A captive agent is generally limited to offering the products of the one carrier the agent represents. The contract with the carrier may permit limited access to alternative markets, but the agent’s fortunes rise and fall primarily based on what the carrier offers.
Conversely, an independent agent may have a plethora of carriers from whom to seek coverage. That number will vary depending on the class of business (there may be a lot of competition for property insurance on law offices and very little for automotive body shops), but an independent has more alternatives than does a captive. An independent even has the ability to seek coverage from companies the agent does not represent, using wholesale and excess and surplus lines brokers.
A captive agent may be accustomed to formal training programs. Terry O’Reilly, a former captive agent and now president of Insurance Pro Agencies, an independent agency network, says, “In my opinion, (training) is the number one reason to start your insurance career with a captive carrier.” Joe Totah, who was a captive agent for Farmers Insurance and who now heads Strategic Agencies, LLC (the publisher of AgencyEquity.com) says captives get some role playing and practicing in addition to classroom work. Mike Stein, an agent in Austin, Texas who transitioned from captive to independent, mentioned the mentoring opportunities on both sides. “You learn a lot from other agents,” he says.
All agreed that formal training is less common on the independent side. “For the most part, being independent you either need to have experience or willing to take the initiative and attend a school on your own,” Totah says. “Going at it cold is not a good idea.”
O’Reilly and Totah say that captive sales managers may accompany new agents on early sales calls and give them feedback on their presentation and closing techniques. Formal sales training is not standard in the independent world. “You learn by doing,” Stein says.
In either environment, it is largely up to the agent to develop a sales prospect pipeline. Captive carriers may provide some leads, O’Reilly says, but agents shouldn’t depend on them. Whether you are captive or independent, Stein suggests making a long list of people you know. “If you have 1,000 people to talk to, you’ll do well.”
Regarding automation, captive companies provide the software, though Totah says the agents may have to purchase the computers. O’Reilly says it doesn’t take long to master a captive company’s technology, since that company is the only one the agent is working with. “The quality varies by carrier, but the training and support are readily available.”
Independent agents must purchase their own systems. Stein feels the software available to independents is superior to those of captives, especially the rating systems. O’Reilly says the systems are not overly complex: “There is a learning curve, but it isn’t long before agents are able to interface with them smoothly.”
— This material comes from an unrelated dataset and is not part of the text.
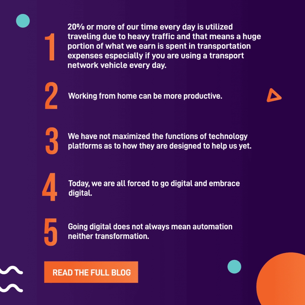 - Going digital does not always mean automation neither transformation. Yes, I have a digital store but all the order process remains “manual” . It just happened that it’s done via a digital platform. Buyer see the page or marketplace post, inquire about the price, ask 1,2,3 up to n questions, and go back after some time (an hour, a day or two) transfer money in the bank or GCash or request a COD. Same process goes with my supplier and I maintain a spreadsheet of every product, transaction, and so on that, if I miss updating, all the data needs to be retrieved in my Facebook messenger. Which means no reconciliation process is done yet. I call this “manually digital”. So ironic, but I think this is true to many businesses – both SMEs and large corporations. Going digital did not automate the process and did not drive business transformation. It only transferred a physical and manual process to another platform and in MULA’s case it’s Facebook. While we all rush to go digital to survive and ensure our cash flow, it’s important to consider our in our going digital action plans if it will truly transform how we operate and thrive rather than merely survive.

Captive companies provide varying levels of financial support for agents, depending on whether the agents are employees or contractors. “They all have startup assistance, including startup bonuses based on production,” says Totah, “but this eventually goes away after two or three years.” Independent agencies, as self-owned businesses, have higher expenses and must generate revenue to cover them.
On the other hand, independents receive larger commissions. “In the end,” Totah says, “an independent agency that has reached scale should have higher net profits for a similar premium volume captive agency by perhaps 10 to 40%.”
So which is better? Totah says captives give “ongoing hand-holding,” but “agencies have a greater opportunity as an independent to do more things, have more flexibility and earn more.” Stein cites statistics showing that independents have better closing ratios. “If everything else is equal, you should be able to do better as an independent.”
More training and support versus greater sales opportunities, flexibility and long-term earning potential. The side that provides an agent with the best comfort level is the best fit.